By Alexander Bolton - 11/22/11 10:00 AM EST
The supercommittee’s deadlock gives leaders in both parties plenty of ammunition for the 2012 campaign.
For months, Democratic and Republican leaders said they wanted a deal, but in the end they did not push their representatives on the panel hard enough to make it happen.
The panel’s demise will be debated over the next year amid an intensifying message war on which party should be trusted to tackle the nation’s deficit and fix the ailing economy.
The supercommittee’s failure plays well into the emerging campaign themes of President Obama and the front-runners for the 2012 presidential nomination, Mitt Romney and Newt Gingrich.
Meanwhile, at a campaign appearance in New Hampshire on Monday, Romney blasted Obama for having “no involvement in the process,” which he called inexcusable.
“I would have anticipated that the president of the United States would have spend every day, and many nights, working with members of the supercommittee to try to find ways to bridge the gap,” he said.
Gingrich, meanwhile, has been one of the supercommittee’s staunchest critics.
Former Rep. Vin Weber (R-Minn.), a one-time member of the House GOP leadership and special adviser to Romney, said the supercommittee’s inaction sets up clear themes for the election.
“We’ll have a very clear-cut fight. Democrats will argue that Republicans want to slash entitlements, and we’ll talk about them wanting $1.3 trillion in tax increases. It’s [a] pretty stark contrast,” he said. “It’s not clear how that debate goes, because a lot of people want us to raise taxes on the rich thinking it will solve the problem, which it won’t.”
Senate Republicans say they will use the supercommittee debate to target vulnerable Democrats such as Sens. Jon Tester (Mont.), Ben Nelson (Neb.) and Claire McCaskill (Mo.). They will force these vulnerables to defend the Democratic proposal to raise $1.3 trillion in new taxes to reduce the deficit and pay for $450 billion in economic stimulus.
“Every Senate Democrat facing reelection next year will have to explain to voters why they supported a trillion dollars in new taxes on job creators to pay for even more failed government stimulus spending,” said Brian Walsh, communications director for the National Republican Senatorial Committee.
Democrats will use the supercommittee’s deliberations to bolster their argument that Republicans want to slash programs that help the middle class to protect the rich from paying “their fair share.”
Sen. John Kerry (Mass.), the Democrat on the supercommittee seen as most eager to strike a deal, began to flesh out that line of attack last week: “What we’re divided on over here, I think everyone knows about it, you’re all writing about it, is whether or not the wealthiest people in the country are going to get an enormous tax cut or whether or not they’re going to be part of the solution.”
In the coming weeks, Obama and congressional Democrats will push for legislation that would extend the payroll tax holiday and unemployment insurance — issues that divide the GOP.
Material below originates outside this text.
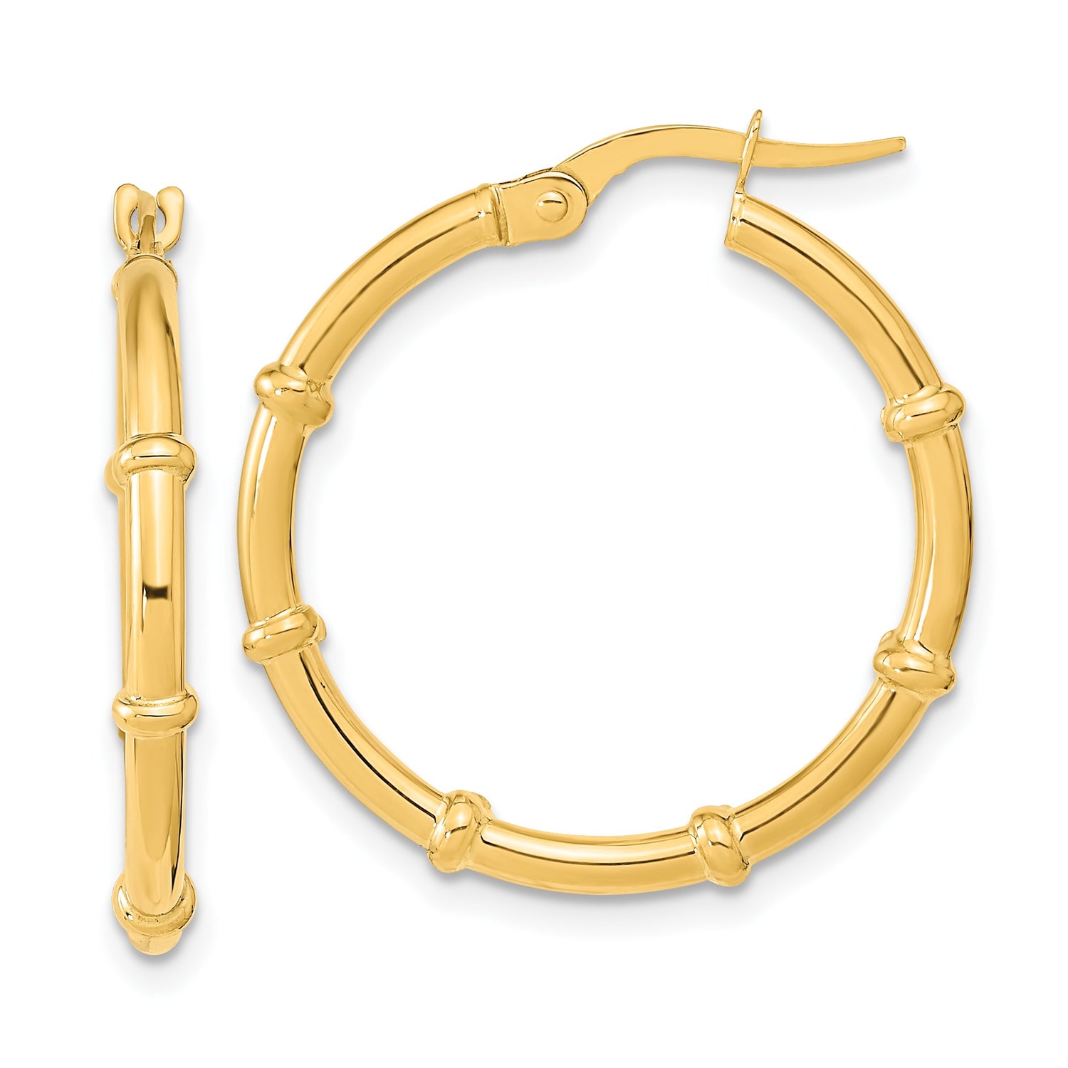 14k Yellow Gold Hoop Earrings, Bamboo Style with Polished Finish and Segment Ridges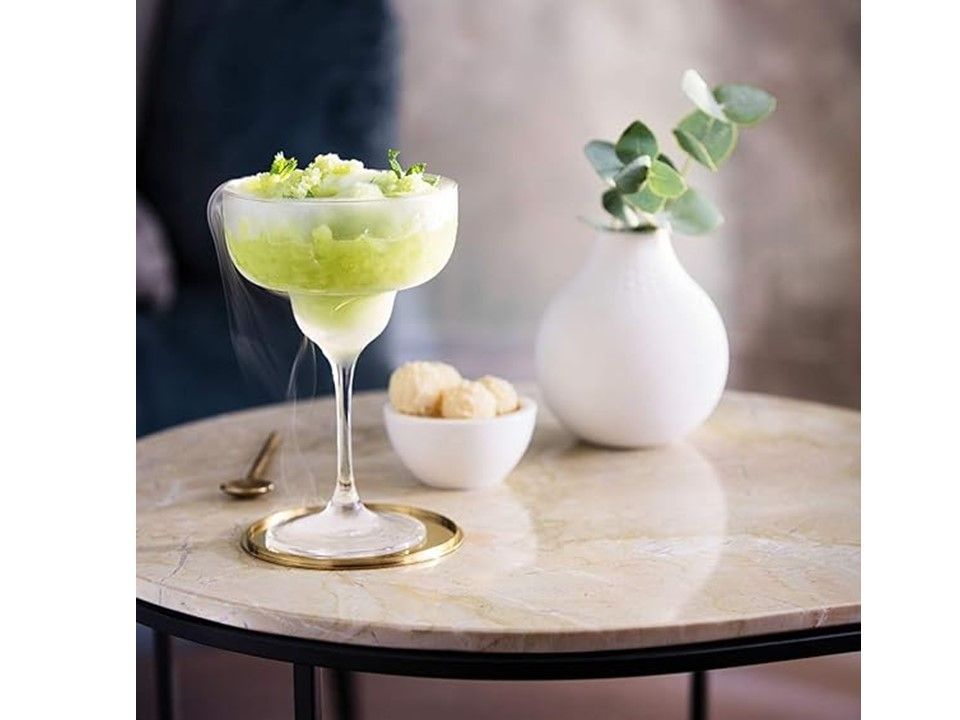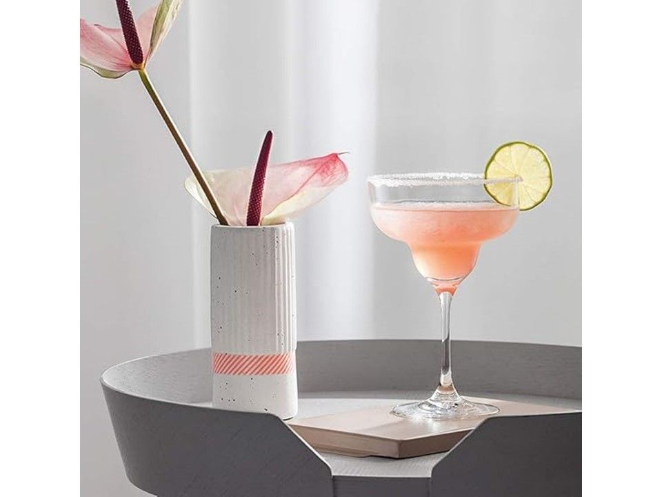 La copa Margarita tiene una forma distintiva con borde ancho y extendido, lo que permite disfrutar plenamente del aroma y el sabor de la bebida. La forma de la copa también facilita la adición de sal en el borde si se prefiere servir el Margarita con sal.

Democratic strategists say they are pleased they will have an unobstructed shot at Republicans on Medicare. Sen. Charles Schumer (N.Y.), the Senate Democrats’ message guru, and other strategists believe a campaign against the Medicare reforms outlined in Rep. Paul Ryan’s (R-Wis.) budget plan offers a path to victory.
If Democrats signed on to a deficit-reduction plan cutting $400 billion or $350 billion from Medicare, it would have muddled their message. Democrats offered those amounts in cuts, but linked them to at least $1 trillion in tax increases, which they knew was a nonstarter for Republicans.
Rep. Jeb Hensarling (Texas), the GOP co-chairman of the supercommittee, said he and other Republicans pushed for major structural reforms to Medicare, which Democrats rejected.
Ryan’s proposed Medicare reform would end the entitlement program as it exists and replace it with a premium support system, which liberal critics call a voucher program. The Rivlin-Domenici plan would let seniors purchase Medicare, but only through a premium support system, which would cap payments at GDP plus 1 percent.
Paul Van de Water, a senior fellow at the Center on Budget and Policy Priorities, said many seniors might not be able to afford Medicare under this plan.
Democrats say this will fit snugly into their 2012 campaign playbook.
“Republicans starting in April voted to end the Medicare guarantee, and they have not moved off that position. You saw Chairman Hensarling repeat that once again [on Sunday]. There should be absolutely no doubt in the minds of Americans and the minds of seniors that Republicans will continue to push that agenda,” said Nadeam Elshami, a spokesman for House Minority Leader Nancy Pelosi (D-Calif.).
Jim Kessler, co-founder of the Third Way, a centrist Democratic think tank, said that “both parties think no deal is a good deal for them politically.”
“If you’re a Republican presidential candidate, you do not want a major tax reform bill on the eve of an election you think you can win,” he said. “If you’re a Democrat, you’ve already re-secured the base after going after the Tea Party and the Ryan plan, and you want to keep that message clean.”
Kessler, who is part of the coalition that has lobbied for a significant deficit deal, said many centrists and independents are “dissatisfied.”